Duke is among a handful of schools that maintains a need-blind admissions policy, under which the university accepts U.S. undergraduates based on their academic accomplishments and potential without regard to their ability to pay, and then meets all of their demonstrated financial need.

The trustees also:

-- approved a Master of Quantitative Management (MQM) at The Fuqua School of Business. The 10-month degree program, which will start in July 2017, is designed for college graduates with strong quantitative skills and little to no work experience. Most candidates will likely have backgrounds in science, technology, engineering and math.
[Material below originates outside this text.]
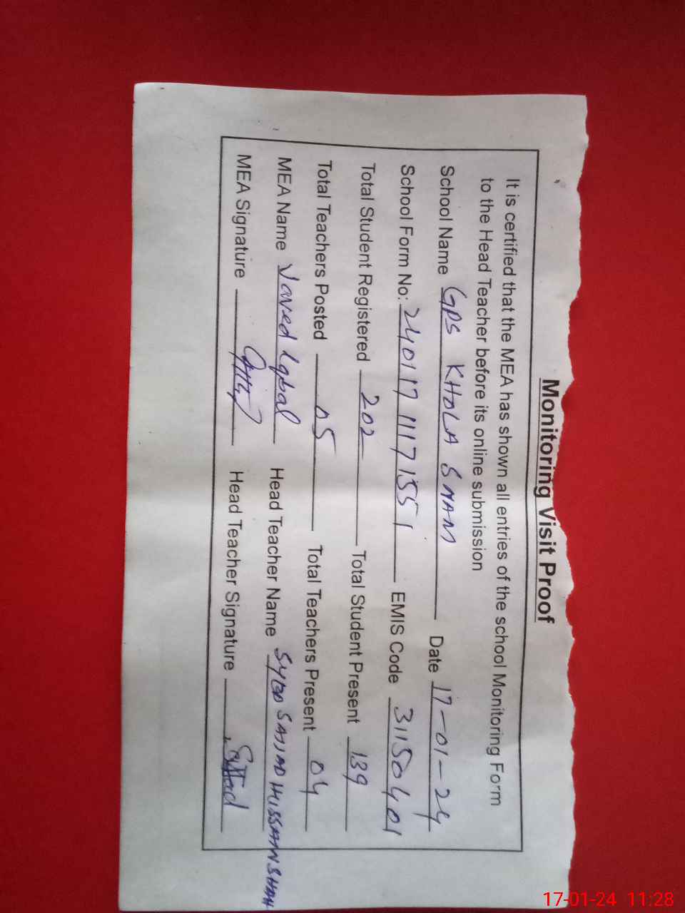 | EMIS Code: 31150401 | Name of School: GPS KHOLA SANAM | |||

MQM will offer students the ability to study in one of four tracks: finance, marketing, business analytics and forensics. Students will be required to take courses in data science and analytics, critical thinking, communication and collaboration. The program was designed with input from the business community, including senior leaders in some of the world’s top companies.

“The key to developing strong analysts is teaching students not only how to interpret data but explain the insights in meaningful ways. We feel Fuqua is uniquely positioned to deliver this program because of its curriculum and proven track record of developing leaders who are exceptionally good collaborators and communicators,” Dean Bill Boulding said.
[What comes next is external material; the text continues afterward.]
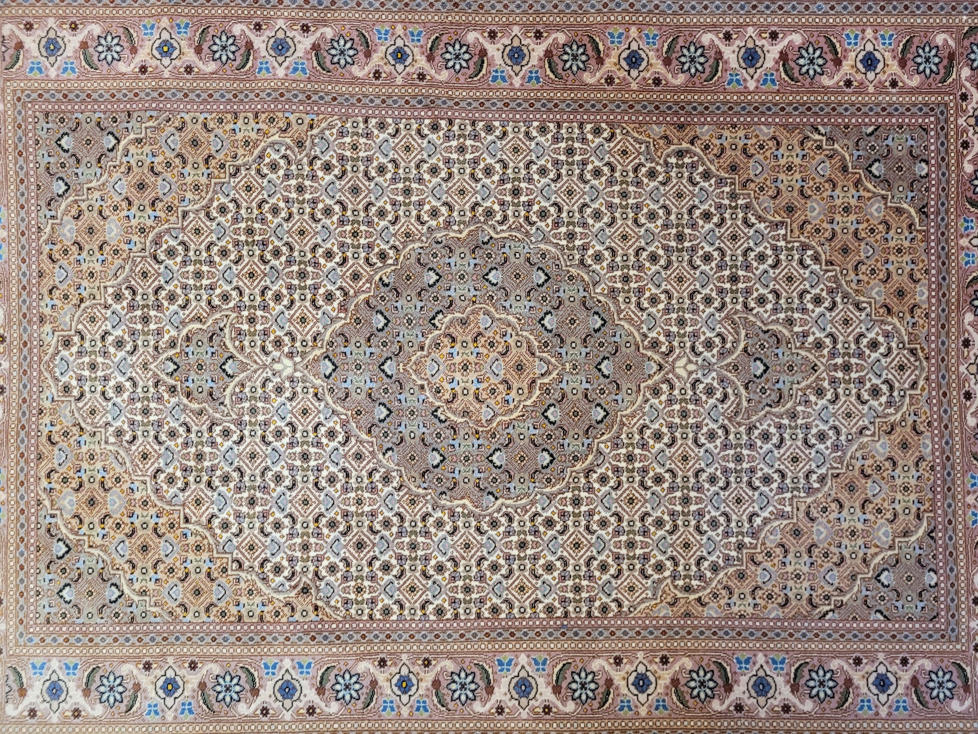 angeboten wird ein edler Täbriz Teppich aus feiner Korkwolle mit Seidenelementen, handgeknüpft in detailreicher Ausführung. Das Design besticht durch ein reiches Allover-Muster mit geometrisch-floraler Struktur und feinen Medaillonabstufungen, die dem Teppich Tiefe und Eleganz verleihen.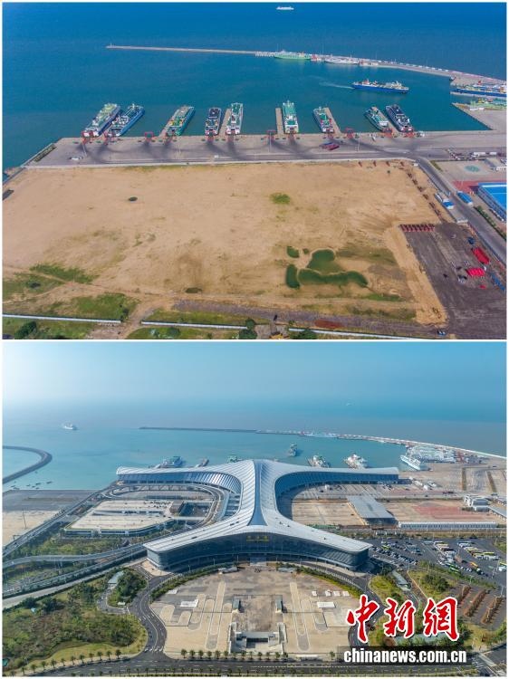 2025年12月18日,海南自由貿(mào)易港正式啟動全島封關(guān)。近年來,海南自貿(mào)港建設(shè)在利好政策帶動下不斷刷新“自貿(mào)港速度”,一個個重大項目、重點園區(qū)拔地而起,直觀呈現(xiàn)海南自貿(mào)港的蓬勃生機。這里正成為中國對外開放的新前沿、互利合作的新熱土和推動經(jīng)濟全球化的新引擎。上資料圖為2018年9月29日的??谛潞L裝碼頭客運綜合樞紐站項目建設(shè)地塊,下資料圖為2025年12月5日已投入使用的海口新海滾裝碼頭客運綜合樞紐站。(拼版圖,無人機照片)

-- approved a new Ph.D. degree in computational media, arts & cultures (CMAC), a program that will examine the implications of the computer revolution on traditional fields in the arts, humanities and the sciences.
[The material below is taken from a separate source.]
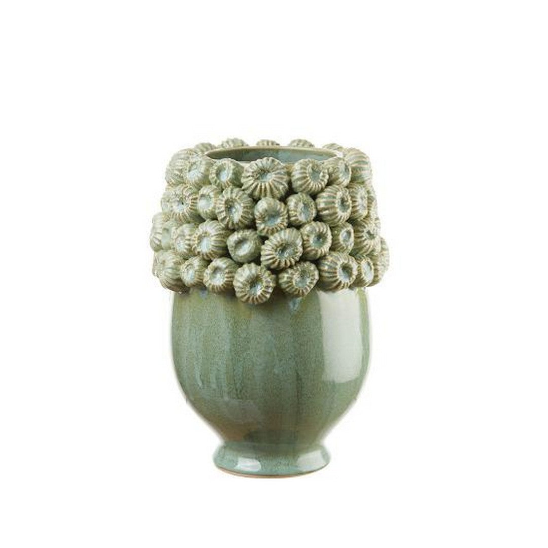 Vaso alto in ceramica. I suoi dettagli in rilievo sul collo si ispirano alle forme floreali. Da abbinare al vaso baasso dell'ispirazione Modern Country per impreziosire gli ambienti conviviali.

The program builds upon growing faculty strengths in media theory, digital humanities, the histories of media and technology, new media art and interactive technologies. It comes out of a 2013 Mellon Foundation grant to develop an interdisciplinary doctoral program in visual & media studies and follows a decade of new initiatives in this field and the development of a vibrant, interdisciplinary community of scholars at Duke.

The program is expected to eventually have 12-15 students enrolled and take 5-6 years to complete.

Students will be affiliated with the interdisciplinary arts and humanities media labs led by the CMAC faculty. These labs are involved in studies of digital archeologyemergent media artsinformation science + studiesdigital art history & visual culture; art, law and markets; digital humanities and other areas.

-- approved changing the name of the Program in Women’s Studies to the Program in Gender, Sexuality and Feminist Studies, to better represent and communicate the nature and scope of the work conducted in the program.

-- received updates on strategic initiatives at the Fuqua School of Business from Dean Bill Boulding, and on the work of the Task Force on Bias and Hate Issues from committee co-chairs Linda Burton and Kelly Brownell. The trustees also heard reports on other current university initiatives and activities.